Existing vision-to-action generation methods rely on Gaussian noise priors and conditional mechanisms (e.g., cross-attention), incurring high computational overhead and struggling to model the manifold mapping between visual inputs and sparse, unstructured action sequences. Method: We propose VITA—a novel end-to-end flow matching framework that uses image latent variables as the source distribution. It introduces a purely MLP-based architecture for unconditional vision-to-action mapping, unifying cross-modal manifold learning. A structured action latent space is constructed via an autoencoder, aligned with visual representations through upsampling; action reconstruction is achieved via latent flow decoding and ODE solving under reconstruction supervision. Results: Evaluated on the ALOHA platform, VITA achieves state-of-the-art or superior performance across five simulated and two real-world dual-arm robotic tasks, while reducing inference latency by 50–130%.

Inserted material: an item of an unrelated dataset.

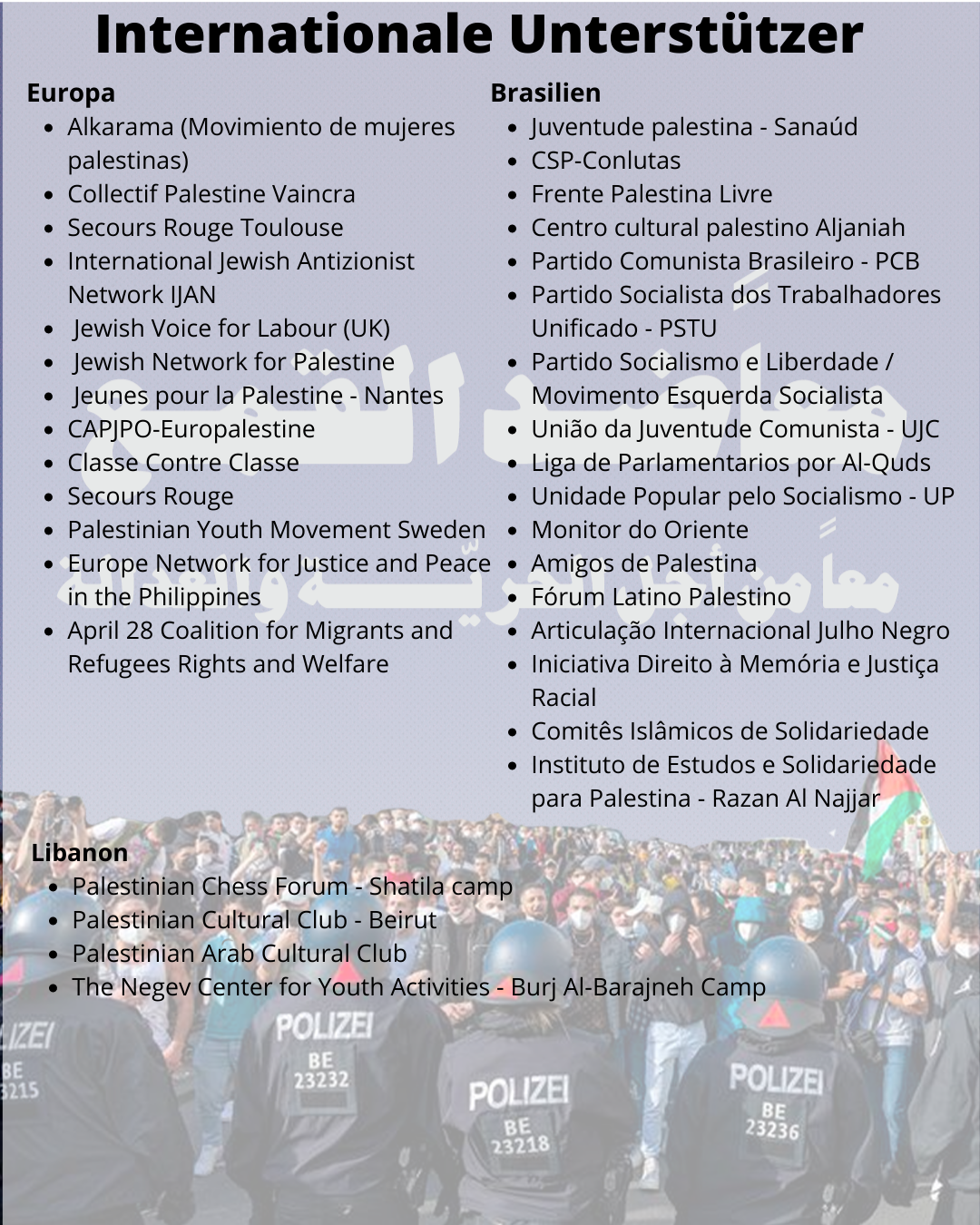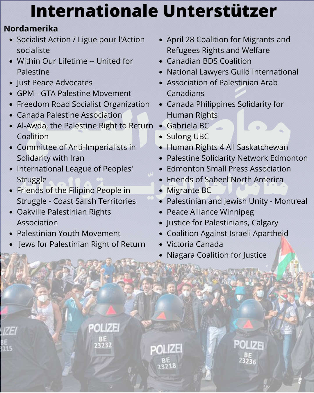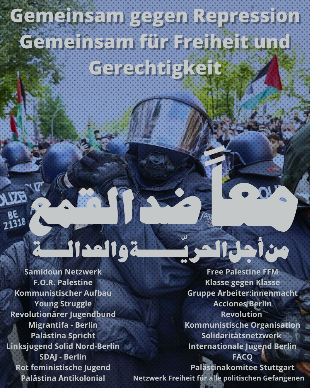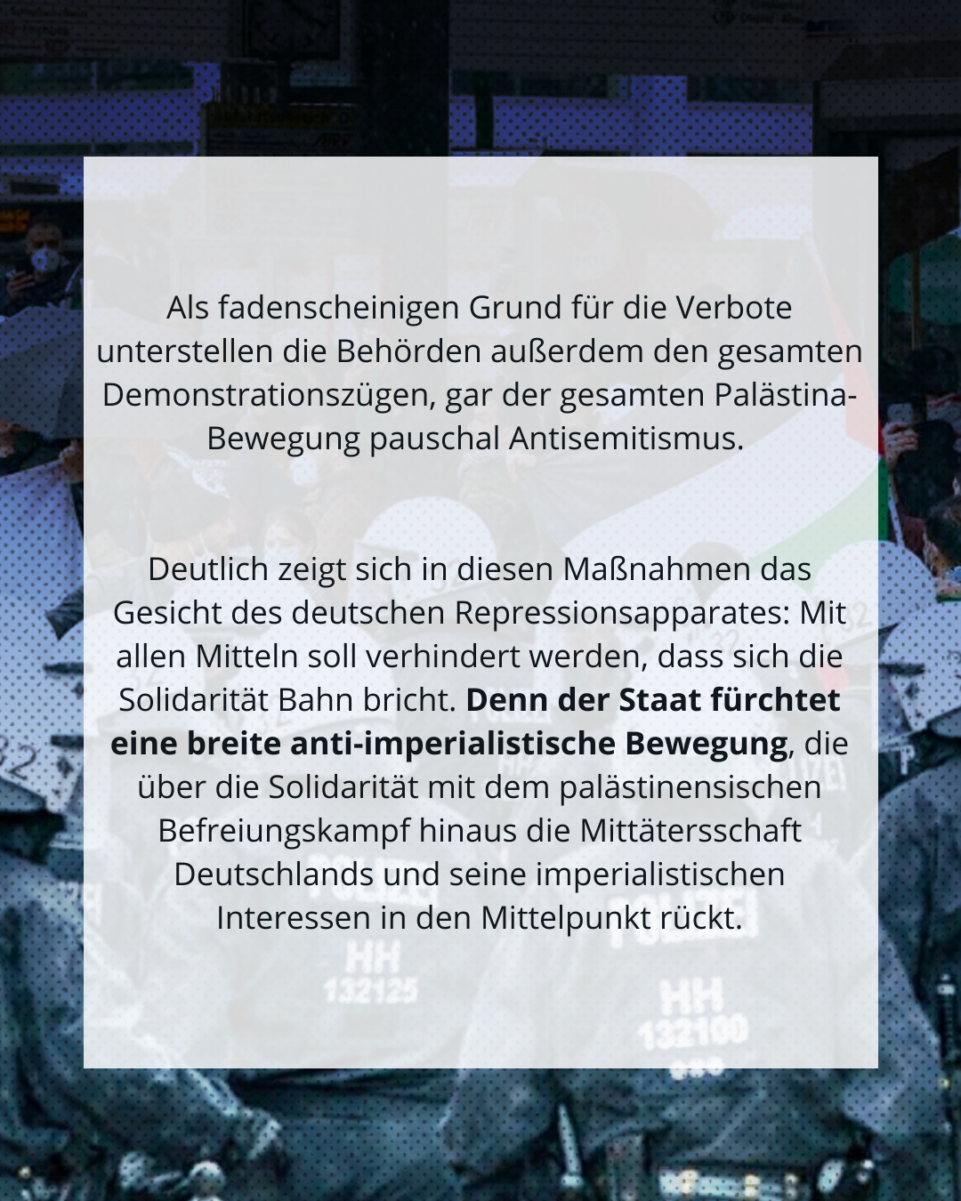 Als fadenscheinigen Grund für die Verbote unterstellen die Behörden außerdem den gesamten Demonstrationszügen, gar der gesamten Palästina-Bewegung pauschal Antisemitismus. Deutlich zeigt sich in diesen Maßnahmen das Gesicht des deutschen Repressionsapparates: Mit allen Mitteln soll verhindert werden, dass sich die Solidarität Bahn bricht. Denn der Staat fürchtet eine breite anti-imperialistische Bewegung, die über die Solidarität mit dem palästinensischen Befreiungskampf hinaus die Mittätersschaft Deutschlands und seine imperialistischen Interessen in den Mittelpunkt rückt.

We present VITA, a Vision-To-Action flow matching policy that evolves latent visual representations into latent actions for visuomotor control. Traditional flow matching and diffusion policies sample from standard source distributions (e.g., Gaussian noise) and require additional conditioning mechanisms like cross-attention to condition action generation on visual information, creating time and space overheads. VITA proposes a novel paradigm that treats latent images as the flow source, learning an inherent mapping from vision to action while eliminating separate conditioning modules and preserving generative modeling capabilities. Learning flows between fundamentally different modalities like vision and action is challenging due to sparse action data lacking semantic structures and dimensional mismatches between high-dimensional visual representations and raw actions. We address this by creating a structured action latent space via an autoencoder as the flow matching target, up-sampling raw actions to match visual representation shapes. Crucially, we supervise flow matching with both encoder targets and final action outputs through flow latent decoding, which backpropagates action reconstruction loss through sequential flow matching ODE solving steps for effective end-to-end learning. Implemented as simple MLP layers, VITA is evaluated on challenging bi-manual manipulation tasks on the ALOHA platform, including 5 simulation and 2 real-world tasks. Despite its simplicity, MLP-only VITA outperforms or matches state-of-the-art generative policies while reducing inference latency by 50-130% compared to conventional flow matching policies requiring different conditioning mechanisms or complex architectures. To our knowledge, VITA is the first MLP-only flow matching policy capable of solving complex bi-manual manipulation tasks like those in ALOHA benchmarks.